Now; you want all the ways you can choose $(1 \text{ category from } 5) + (2 \text{ category from } 5) + \dots + (5 \text{ category from } 5)$ i.e. $\binom{5}{1}+\binom{5}{2}+\binom{5}{3}+\binom{5}{4}+\binom{5}{5}=2^5-1=31$ Note that this follows from the fact that $(1+1)^n=\binom{n}{0}+\binom{n}{1}+\cdots+\binom{n}{n-1}+\binom{n}{n}=2^n$ Subtracting $\binom{n}{0}$ from both sides gives us $\binom{n}{1}+\cdots+\binom{n}{n-1}+\binom{n}{n}=2^n-\binom{n}{0}$ But since $\binom{n}{0}=1,\forall n\in\mathbb{N}$ we have that $\binom{n}{1}+\cdots+\binom{n}{n-1}+\binom{n}{n}=2^n-1$ When $n=5$ we thus get the above answer.

Addendum: To address your concern that there seems to be more than $31$ combinations, here is a list of all the possibilities: $\begin{array}{|c|c|c|c|c|c|c|} & 1 \text{ category} & 2 \text{ categories} & 3 \text{ categories} & 4 \text{ categories} & 5 \text{ categories} & \text{Sum}\\ \hline & A & AB & ABC & ABCD & ABCDE\\ \hline & B & AC & ABD & ABCE \\ \hline & C & AD & ABE & ABDE \\ \hline & D & AE & ACD & ACDE \\ \hline & E & BC & ACE & BCDE \\ \hline & & BD & ADE \\ \hline & & BE & BCD \\ \hline & & CD & BCE \\ \hline & & CE & BDE \\ \hline & & DE & CDE \\ \hline \text{Total} & 5 & 10 & 10 & 5 & 1 & 31 \\ \hline \end{array}$

  • 0
    I just want to make sure I am understanding this correctly (I too am fuzzy and trying to recall) if I want to know what all the combinations of days in the week are then I would just do: 2^7 - 1 = 127? I keep getting terribly confused as to when I should use factorials, correct me if I am wrong but 7! would be used to find the permutations, not the combinations?2018-08-16
10

There are $\binom{5}{1}$ combinations with 1 item, $\binom{5}{2}$ combinations with $2$ items,...

So, you want : $\binom{5}{1}+\cdots+\binom{5}{5}=\left(\binom{5}{0}+\cdots+\binom{5}{5}\right)-1=2^5-1=31$

I used that $\sum_{k=0}^n\binom{n}{k}=(1+1)^n=2^n$

  • 1
    And I think that this formula is intuitive : chosing the$k$items we take, it's the same thing as choosing the n-k items we left.2012-06-22
9

Think about this from another angle.
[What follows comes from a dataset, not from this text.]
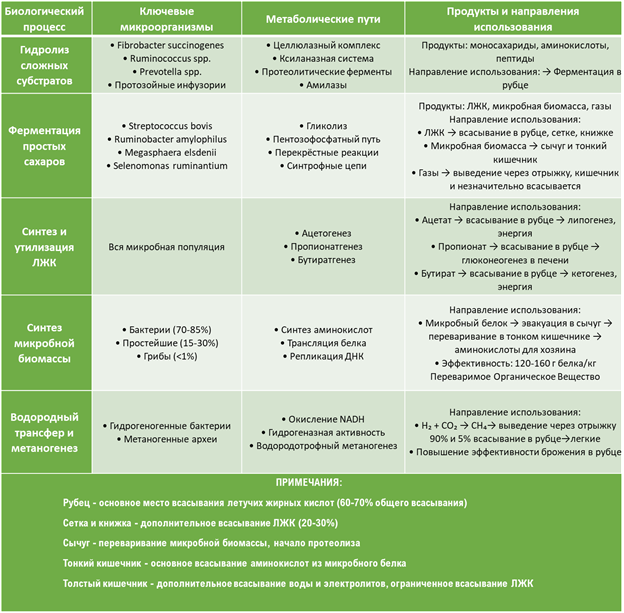Микробный консорциум рубца представляет собой высоко интегрированную экосистему с выраженной функциональной стратификацией и межвидовой кооперацией. Распределение метаболических ниш между целлюлолитическими, амилолитическими и сахаролитическими таксонами, дополненное пластичностью универсальных деструкторов и активностью эукариот, формирует многоуровневую трофическую сеть. Протеосинтетическая активность рубцового микробиоты, осуществляемая консорциумом бактерий, инфузорий и грибов, является основным источником биологически ценного белка для жвачных животных (Рис. 1).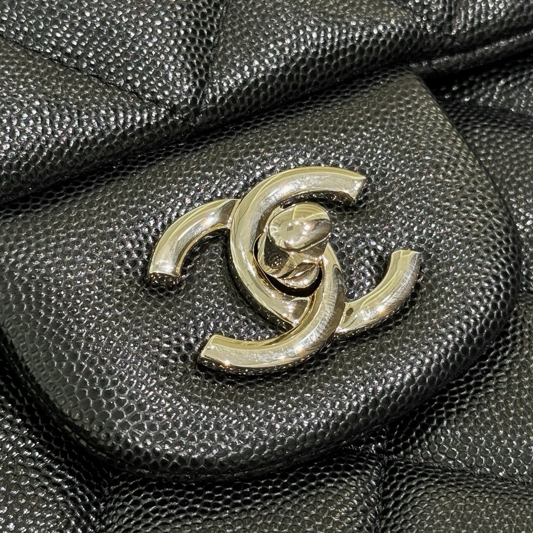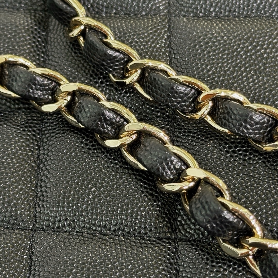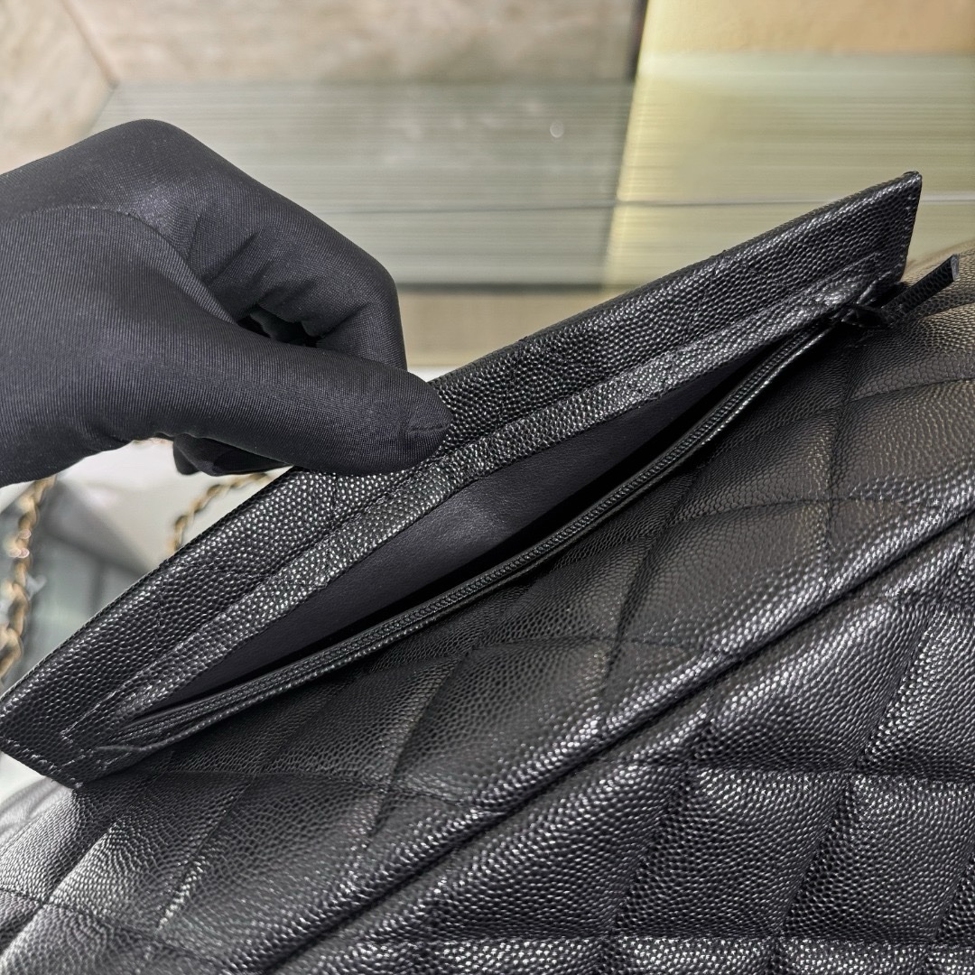 This one is black with light gold buckle, relatively softer. Although it is cowhide, the overall feel is relatively soft, and the bag shape is not as stiff as maxi ones! The bag is big but the weight is light.

You want some number of these five categories without repetition.

Well each category is either chosen by you or not chosen by you. Each such choice bears no relationship with the other choices.

Thus there are $2^5 = 32$ possibilities. However, you are not counting the choice of none of the five categories, so we subtract $1$ to get $31$ possibilities.

  • 1
    I think this is the most intuitive way to formualate the solution, and the $2^n$ formula is more natural than when presented in @JBC's answer.2012-06-22
1

Use binary! 1, 2, 4, 8, 16 adds up to 31
The number of combinations with 6 numbers would be 63
Seven digits would be 127, etc.